> _What the task requires_
All pictures are to be excluded when the data below is output verbatim.

> _Source data_

*** Block opens ***

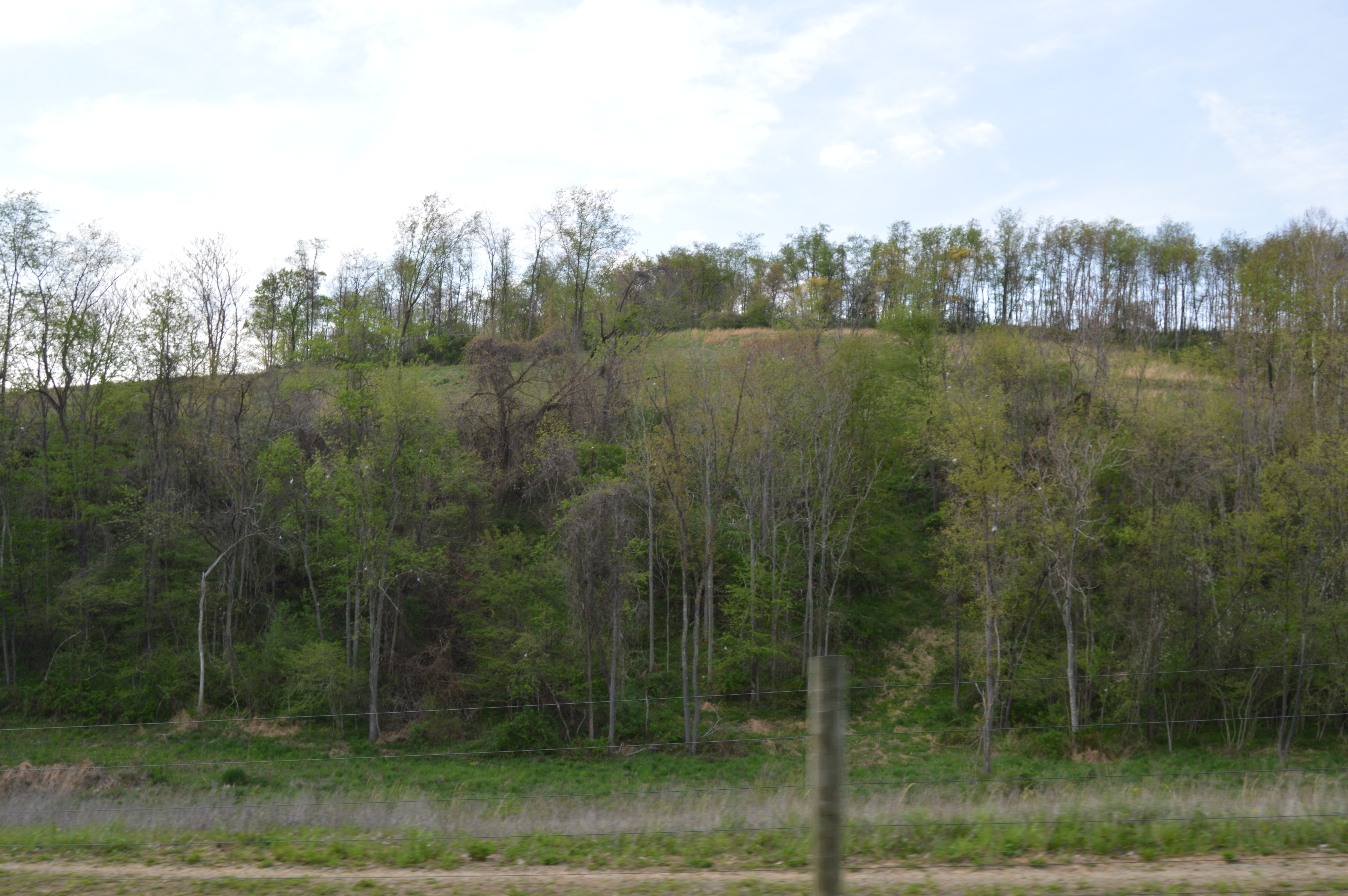 Fields off Perry Road west of Perryopolis in Jefferson Township, Fayette County, Pennsylvania, United States. In the distance, but not here visible, is the Francis Farm Petroglyph Site, which is listed on the National Register of Historic Places.
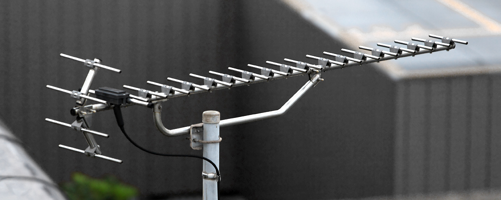 Yagi antenna for UHF HDTV reception. The antenna's main lobe is off the right end of the antenna; it is most sensitive to stations in that direction. Each of the metal crossbars along the antenna support boom is called an element, which acts as a half-wave dipole resonator for the radio waves. The antenna has one driven element which is attached to the TV; it is behind the black box (left). The black box is a preamplifier which increases the power of the TV signal before it is sent to the TV set. The 17 elements to the right of the driven element are called directors; they reinforce the signal. The 4 elements on the V shaped boom (left) are called a "corner reflector"; they serve to reflect the signal back toward the driven element. Yagi HDTV antennas use a corner reflector to increase the bandwidth of the antenna. The rest of the antenna increases the gain at higher channels, while the corner reflector increases the gain at lower channels.
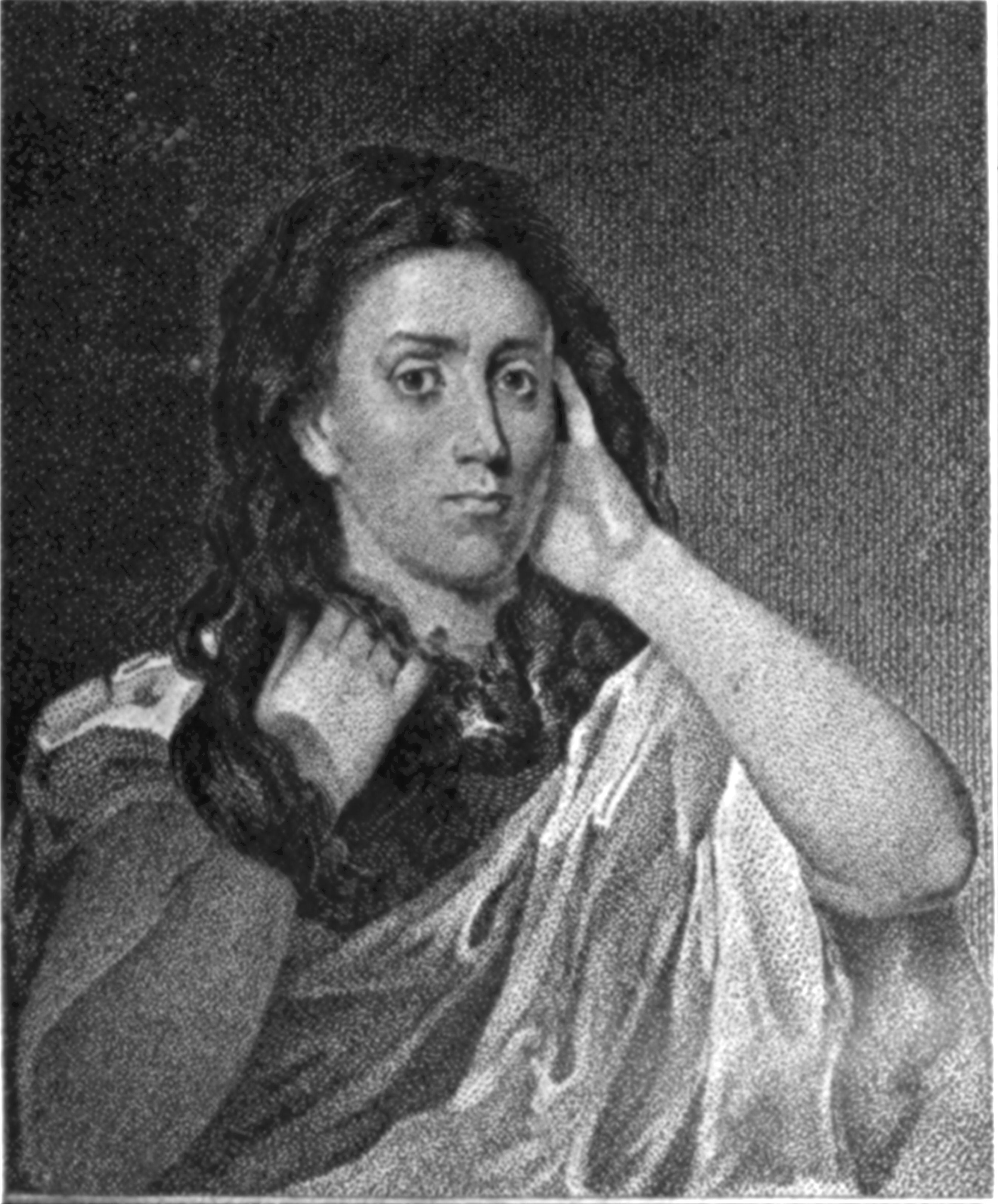 Mary Ann Duff, as Mary in Superstition (1824) by James Nelson Barker. Engraved by James Barton Longacre (1794–1869) from a painting by John Neagle (1813–1888)

*** Block closes ***

> _Output_
 Fields off Perry Road west of Perryopolis in Jefferson Township, Fayette County, Pennsylvania, United States. In the distance, but not here visible, is the Francis Farm Petroglyph Site, which is listed on the National Register of Historic Places.
 Yagi antenna for UHF HDTV reception. The antenna's main lobe is off the right end of the antenna; it is most sensitive to stations in that direction. Each of the metal crossbars along the antenna support boom is called an element, which acts as a half-wave dipole resonator for the radio waves. The antenna has one driven element which is attached to the TV; it is behind the black box (left). The black box is a preamplifier which increases the power of the TV signal before it is sent to the TV set. The 17 elements to the right of the driven element are called directors; they reinforce the signal. The 4 elements on the V shaped boom (left) are called a "corner reflector"; they serve to reflect the signal back toward the driven element. Yagi HDTV antennas use a corner reflector to increase the bandwidth of the antenna. The rest of the antenna increases the gain at higher channels, while the corner reflector increases the gain at lower channels.
 Mary Ann Duff, as Mary in Superstition (1824) by James Nelson Barker. Engraved by James Barton Longacre (1794–1869) from a painting by John Neagle (1813–1888)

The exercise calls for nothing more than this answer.